Investing in the stock market can be intimidating even when the economy is strong, but investing during periods of volatility can be even more nerve-wracking.
Because investing always carries a certain amount of risk, many people shy away from it. In fact, nearly 44% of baby boomers say that right now is not the best time to invest in the stock market, according to a survey from Personal Capital.
However, retirement can be incredibly expensive, and it's tough to save as much as you need without investing. The average worker estimates retirement will cost around $1.7 million, a survey from Charles Schwab found, and unless you have loads of spare cash to set aside for retirement, it will be challenging to reach that goal by stashing your money in a savings account.
Fortunately, investing isn't as daunting as it may seem, and it's one of the best ways to build a healthy retirement fund -- even when the country is in a recession.
Why investing is vital
Investing in the stock market does involve more risk than sticking your money in a savings account or stashing it under your mattress. However, the potential rewards are also much greater when you invest.
Even the best savings accounts only have interest rates of roughly 1% per year. If you were to start saving at age 25, socking away $100 per month earning 1% annual interest, you'd have close to $60,000 saved after 40 years.

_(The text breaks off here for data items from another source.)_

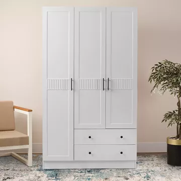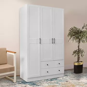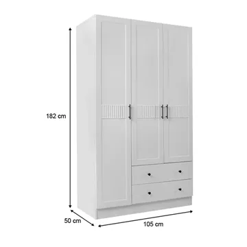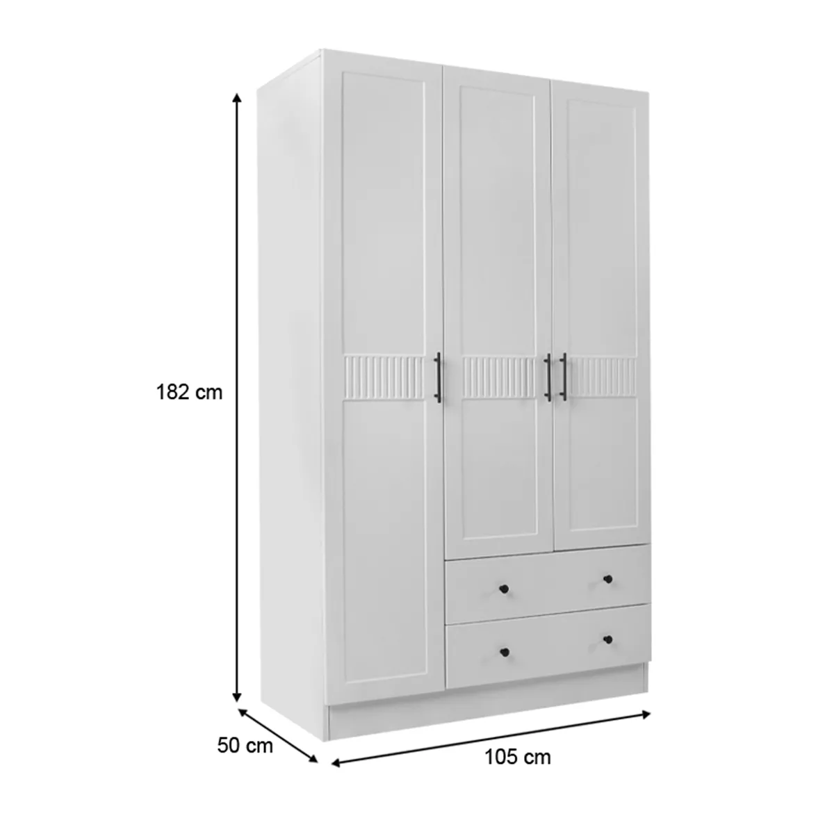 Ντουλάπα ρούχων Jenna Megapap τρίφυλλη χρώμα λευκό 105x50x182εκ.
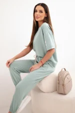 - Fason: luźna bluzka z krótkim rękawem + długie spodnie z gumką
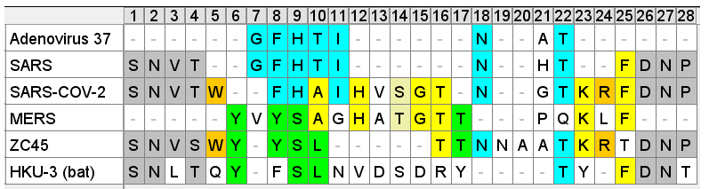 Postscript: This isn't the first time I unexpectedly found a significant peptide from an adenovirus. The first 7 of 8 amino acids of a protein from a virulent human adenovirus occur in one of the NTD loops of SARS-1.

But if you were to invest in the stock market and earn a modest 7% annual return, you'd have accumulated nearly $240,000, all other factors remaining the same.
Of course, as we saw earlier this year, the stock market can experience wild ups and downs. These ups and downs don't always coincide with recessions, either. In fact, when the National Bureau of Economic Research announced that the U.S. was officially in a recession, the stock market was bouncing back and recovering its losses from earlier in the year. Recessions can make the market more volatile, but if you press pause on saving until the economy is in better shape, you're missing out on your most valuable resource: time.
Although there is always a chance you could see your investments take a hit during market downturns, the rewards are almost always worth the risk. And by allocating your investments properly, you can minimize your risk as much as possible.
Proper asset allocation can significantly reduce your risk
Asset allocation, in a nutshell, is how your money is divided among your investments. Younger and more risk-tolerant investors may invest heavily in stocks because, although they're riskier, they have more potential for significant gains. As you get closer to retirement, though, it's a good idea to take a more conservative approach and invest more in bonds and other "safer" investments.
By investing more conservatively, you won't see your savings grow quite as much. However, your money will also be more protected against stock market downturns when you're not investing as much in stocks.
It may be tempting to invest conservatively even if you're still decades away from retirement, but there is such a thing as being too careful. If you only invest in bonds and other conservative investments, you'll miss out on the chance to see significant gains. Bonds typically only see average rates of return of around 5% to 6% per year, while stocks have historically experienced returns of around 10% per year, on average.
If you still have years before you can even consider retiring, investing more aggressively in stocks may be wise. You could see your savings take a hit in the short term, but over time, they'll bounce back. Then, as you get older, you can gradually shift your investments to lean more conservatively, which will better protect your money from future stock market crashes.
Although it can be daunting to invest in the stock market (particularly when the future is uncertain), it's one of the best ways to save a significant amount of money for retirement. You may never be able to eliminate risk entirely when getting involved in the stock market, but by being strategic about how you invest, you can boost your long-term savings and enjoy a more financially secure retirement.